On Mon, May 09, 2016 at 11:53:40AM -0700, Daniel Berlin wrote:
> Then was a comment "This looks like a huge step in the wrong direction to
> me. Copy relocations are one of the worst misfeatures of ELF. Please do not
> add any new dependencies.".
> 
> I'll be blunt here.  This is generally not a good way to start a
> discussion, or be constructive towards a patch..  If people have some
> vision and  want to move the world forward in whatever vision they have,
> that's awesome. Really.  However, if you want to get others to go along,
> you need to convince others, and move the world forward yourself, not just
> try to block them from doing something you don't necessarily like, unless
> it's also going to cause something for LLVM itself (IE serious maintenance
> burden, etc).

There are few constructive ways to really oppose an idea. Even in the
context of LLVM, we have been burned by copy relocations. See the
mailing list archive for the issues with cout alignment on FreeBSD.
Issues like that are the real maintainance burden of copy relocations
and they tend to be paid by those that (have to) care about long term
compatibility. The issues tend to be obscure, not obvious from reading
code and difficult to debug. But the price will generally not be paid by
those who just want an easy switch to get a bit more performance.

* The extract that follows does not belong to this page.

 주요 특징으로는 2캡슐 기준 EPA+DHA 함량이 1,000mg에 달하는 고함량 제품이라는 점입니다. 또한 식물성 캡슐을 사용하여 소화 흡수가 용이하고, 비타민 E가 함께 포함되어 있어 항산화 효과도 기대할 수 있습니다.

> Staring at this patch, it's about 10 lines of real change,
> and seems to simply add something we already support to another mode in a
> sane way.    Without any comment on copy relocs themselves, i can't see why
> this is not sane way to do this.   I also see absolutely no movement
> towards getting rid of it in other modes, etc.

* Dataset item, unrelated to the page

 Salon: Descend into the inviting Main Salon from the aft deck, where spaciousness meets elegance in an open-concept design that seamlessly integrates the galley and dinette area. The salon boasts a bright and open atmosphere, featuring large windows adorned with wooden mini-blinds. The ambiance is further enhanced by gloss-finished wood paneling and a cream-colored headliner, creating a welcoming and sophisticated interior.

The reason why there are few visible moves to getting rid of them
for good is simple. It involves coordination between different groups
and it is almost guaranteed to effectively involve a flag day. That
makes it quite difficult to retrofit it into an existing environment.
Consider the problem of the stack alignment on i386 for the problems.

> So my suggestion would be to try to get back to making sure John, Rafael,
> etc have the info they need to effectively review this patch, and not
> debating the merits of copy relocations themselves *in this thread*. If
> folks want to start a larger discussion where gcc, lld, gold, etc decide
> they think they are sucky enough they want to avoid them, great!

That argument structure is not logical. It's like having a discussion
about the best cocktail holders in a car and asking everyone to move discussions
about drunken driving elsewhere. It makes no sense to discuss the best
way to use copy relocations for PIE binaries, when they should not be
using copy relocations in first place.